The nuns have been revering Woolf all day and are now ready to light up the place with their haggis, their bagpipes, and their Open Mic Night with M.C. ‘Robert Burns’. Sistrrr Grin has volunteered to fulfill the Burns role this year, thank God, but I will be singing “A Red, Red Rose” with Sistrrr Melissa because we do it every night at supper and the nuns never seem to grow tired of it– tonight I’ll be singing it in the character of Lady Macbeth (Sistrrr Grin doesn’t know she’ll also be playing Macbeth tonight!)! So it’s off to Burns Supper, I go.
But first: I have to prepare supper. I’m in charge of the burner.

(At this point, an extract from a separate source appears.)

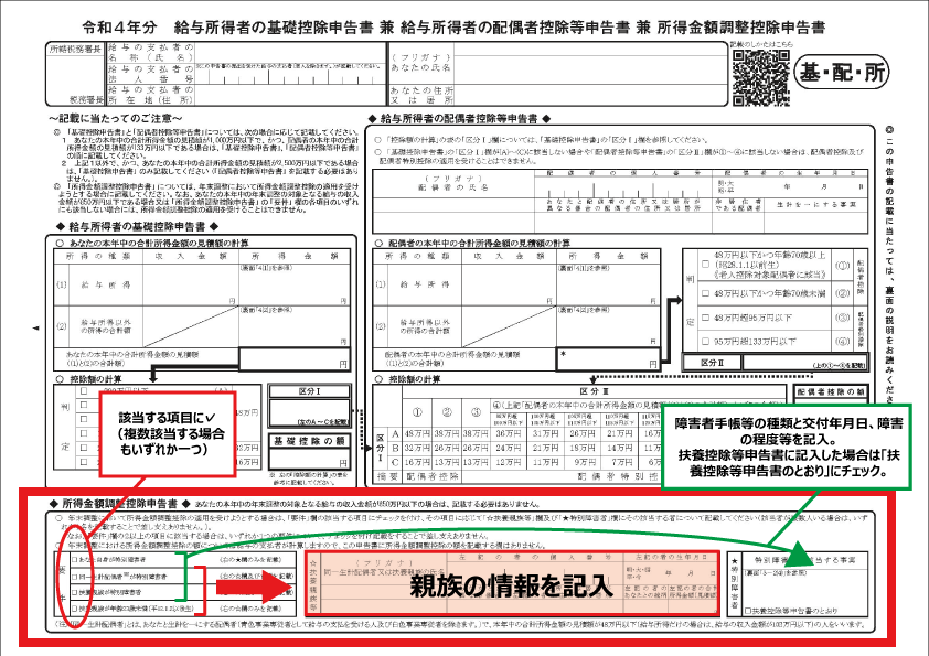 (画像出典:国税庁「令和4年分 給与所得者の基礎控除申告書・給与所得者の配偶者控除等申告書・所得金額調整控除申告書」を元に筆者作成)
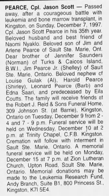 Son of James Arthur and Arlene Pearce of Sault Ste-Marie, Ontario. Husband of Naomi Nyakio (nee Kitamuni) Pearce of Kingston, Ontario.

Or, of preparing the haggis for the hags, essentially (shhh: do not tell them this; those hags still think being a hag is a bad thing!). They want their haggis before midnight so I need to get a move on. Wish me and the convent cauldron luck, Red Rad Read Readrrr.
A simple recipe for HAGGIS can be found here, Readrrr: http://www.bbc.co.uk/food/recipes/haggis_66072. Readrrr, if you want a taste of Sistrrr Grim’s HAGGIS SHEEP GUT PUDDING recipe (it’s punchy!), you know what has to happen: hand over the liver: preferably of a rapist priest.
Definitional clarifications for ‘Haggis’:
A Scottish dish consisting of a sheepish priest’s offal mixed with suet, oatmeal, and seasoning and boiled in a bag, traditionally one made from the animal’s stomach.

Language and Identity indeed! The inimitable Sistrrr Grim here demonstrates once again her MissManstry of The Word.